Problem details:
In this exercise, the entries below include pictures. Repeat exactly the lines from the line with "Etching by Paul" to the line with "Обои Спелые сочные", including both, but without the pictures.

··· Information provided

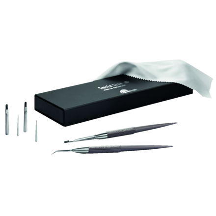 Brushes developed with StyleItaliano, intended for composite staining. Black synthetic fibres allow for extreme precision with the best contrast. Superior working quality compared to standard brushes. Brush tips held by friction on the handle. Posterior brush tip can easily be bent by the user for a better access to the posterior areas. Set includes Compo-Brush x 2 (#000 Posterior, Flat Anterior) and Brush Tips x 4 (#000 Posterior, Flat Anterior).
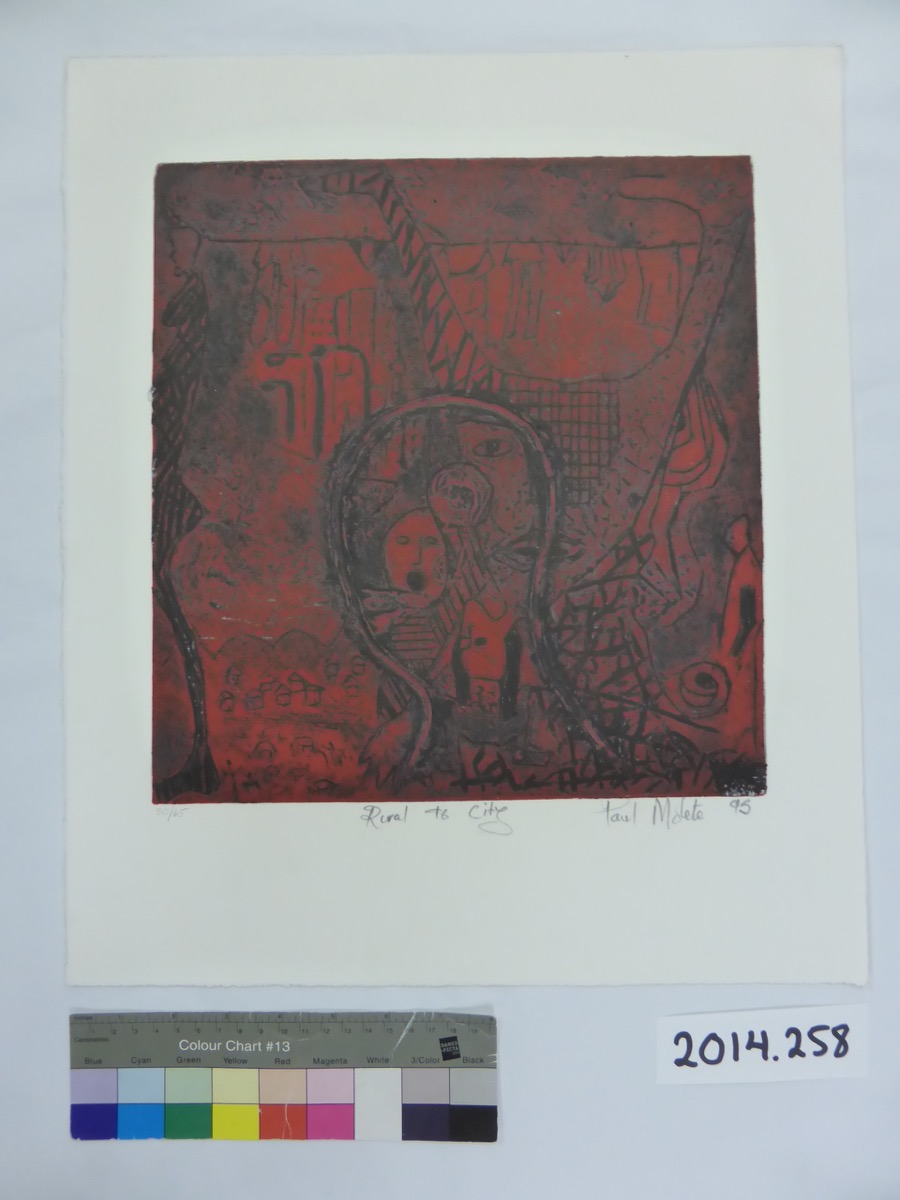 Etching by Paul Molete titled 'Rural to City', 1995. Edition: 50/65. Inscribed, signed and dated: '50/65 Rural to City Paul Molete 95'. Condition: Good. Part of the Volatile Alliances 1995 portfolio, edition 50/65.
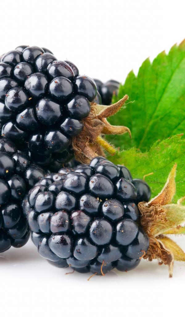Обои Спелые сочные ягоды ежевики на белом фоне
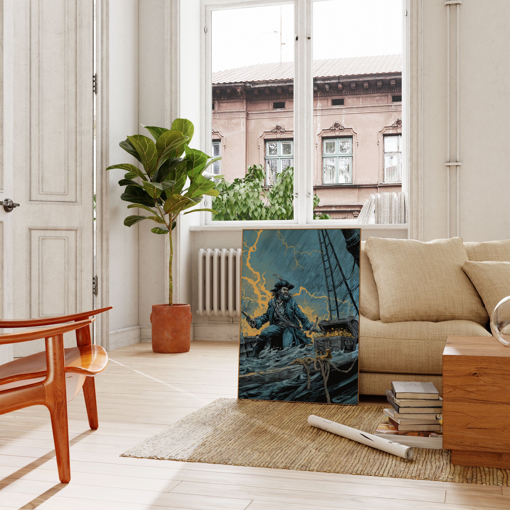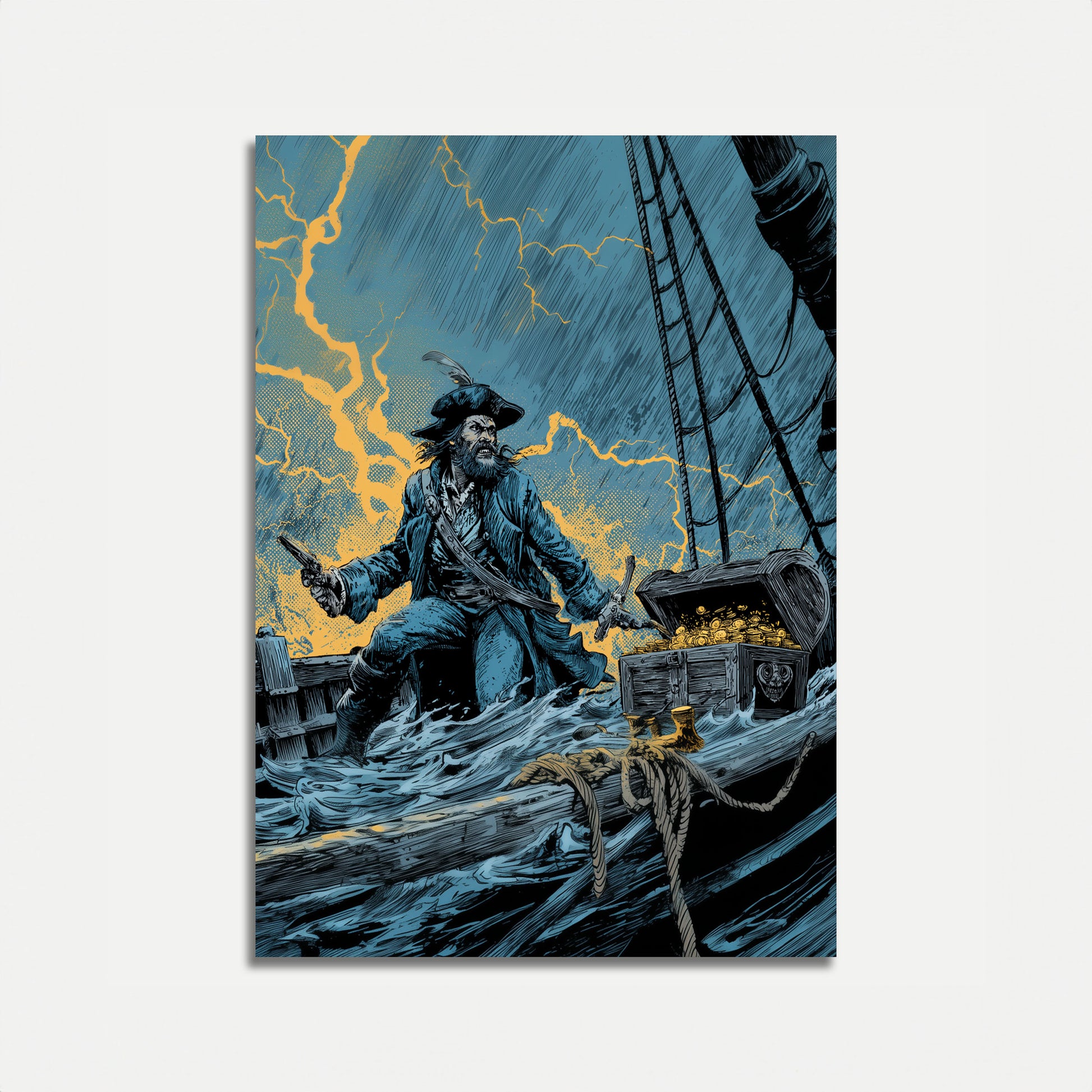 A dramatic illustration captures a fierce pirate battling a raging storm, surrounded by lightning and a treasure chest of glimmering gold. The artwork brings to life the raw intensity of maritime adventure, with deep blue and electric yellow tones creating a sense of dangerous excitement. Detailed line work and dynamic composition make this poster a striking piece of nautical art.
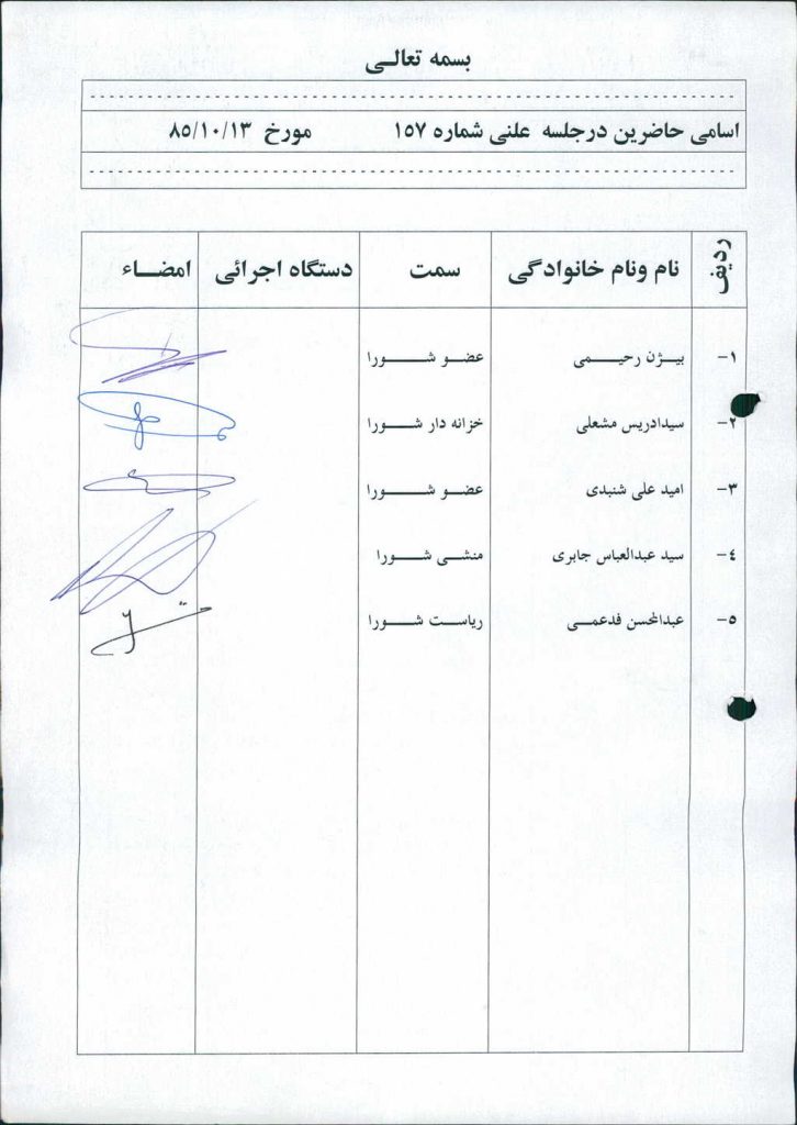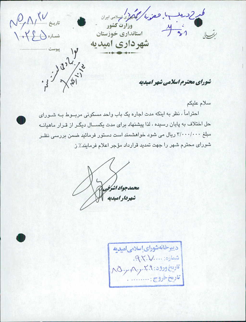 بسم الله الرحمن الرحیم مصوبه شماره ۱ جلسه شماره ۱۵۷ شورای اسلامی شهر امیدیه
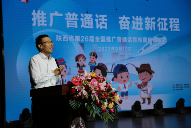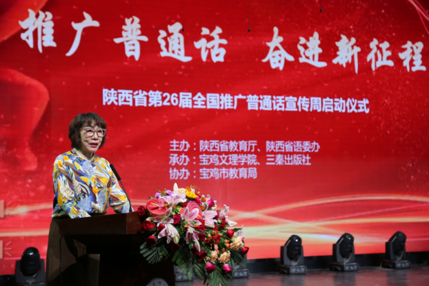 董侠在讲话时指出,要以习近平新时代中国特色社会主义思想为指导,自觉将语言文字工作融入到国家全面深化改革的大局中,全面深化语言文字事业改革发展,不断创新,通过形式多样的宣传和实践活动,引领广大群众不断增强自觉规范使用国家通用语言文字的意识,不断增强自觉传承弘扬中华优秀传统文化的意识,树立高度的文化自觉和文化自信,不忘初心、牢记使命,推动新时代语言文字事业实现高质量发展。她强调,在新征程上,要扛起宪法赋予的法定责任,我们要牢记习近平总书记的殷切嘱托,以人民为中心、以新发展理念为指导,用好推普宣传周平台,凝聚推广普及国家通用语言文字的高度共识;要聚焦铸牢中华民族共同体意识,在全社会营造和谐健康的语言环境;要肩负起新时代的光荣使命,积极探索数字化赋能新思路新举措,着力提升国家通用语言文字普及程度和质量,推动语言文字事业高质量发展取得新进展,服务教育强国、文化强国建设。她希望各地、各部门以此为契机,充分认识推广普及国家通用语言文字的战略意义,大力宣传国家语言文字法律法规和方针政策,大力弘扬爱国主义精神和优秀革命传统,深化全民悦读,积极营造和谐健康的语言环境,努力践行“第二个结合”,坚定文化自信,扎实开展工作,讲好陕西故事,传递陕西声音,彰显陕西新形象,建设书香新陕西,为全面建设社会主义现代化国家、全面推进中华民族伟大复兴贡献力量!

······

Task response:
 Etching by Paul Molete titled 'Rural to City', 1995. Edition: 50/65. Inscribed, signed and dated: '50/65 Rural to City Paul Molete 95'. Condition: Good. Part of the Volatile Alliances 1995 portfolio, edition 50/65.
Обои Спелые сочные ягоды ежевики на белом фоне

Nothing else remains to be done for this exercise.